A room set up for dining in New Inn, by William Walter Burgess, c.1880-c.1900 (MT/19/ILL/A/A7/11)
The first Inn to be dissolved in the 19 th century was not an Inn of Chancery, but the Inn of Serjeants-at-Law. Serjeant’s Inn was sold in 1877 after the abolition of the role of the Serjeants-at-Law in 1875. The Inns of Chancery followed suit, some of them no doubt lured to do so by the sum of around £1,500 each member of Serjeant’s Inn had received when it was sold. The division of the proceeds of the sale of the Inns caused public consternation, as many thought that the money should be used for the benefit of legal education. New Inn was compulsorily purchased in 1902 by London County Council for the Kingsway Improvement Project and a court case was brought about what should be done with the proceeds. In the end £55,000 was allocated to legal education, £45,500 was granted to the Benchers of the Middle Temple, £26,000 was granted to the life tenants of chambers, and £31,000 was granted to the members of New Inn. However, despite the sale of all of its properties, New Inn was never formally dissolved and probably faded away on the death its last surviving member in 1937.

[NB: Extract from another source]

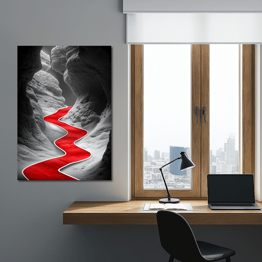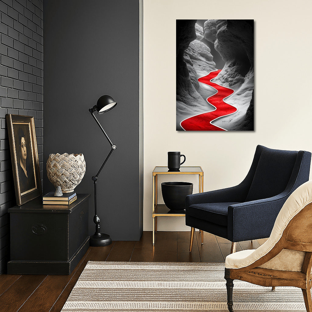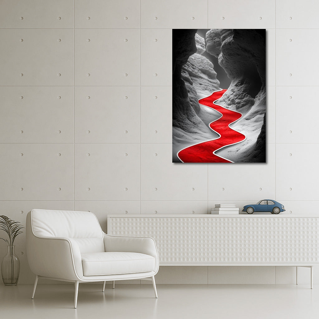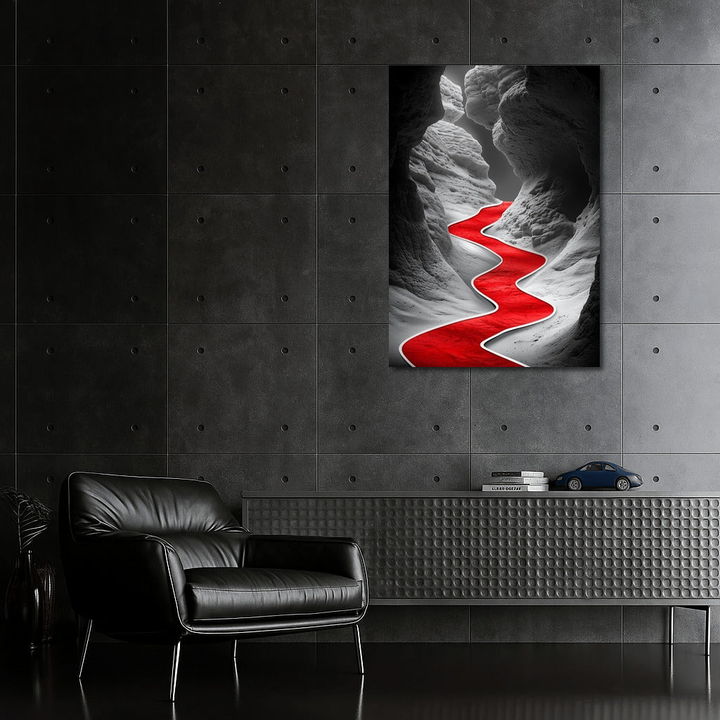 Poster: Mesmerizing play of shadows and colors - red road between snowy cliffs. Wall art that inspires travel. See more from the collection: Mixed Wall Art

Report of Middle Temple’s New Inn Committee, c.1902 (MT/12/LCC/15)
New Inn and the Inns of Chancery played an important and fascinating role in the history of English legal education. However, the loss of their original purpose in this field and their disconnectedness from the social lives of solicitors led to their eventual obsolescence. The dissolution of the Inns of Chancery serves as a stark cautionary tale for all ancient institutions about the importance of remaining relevant in the modern world.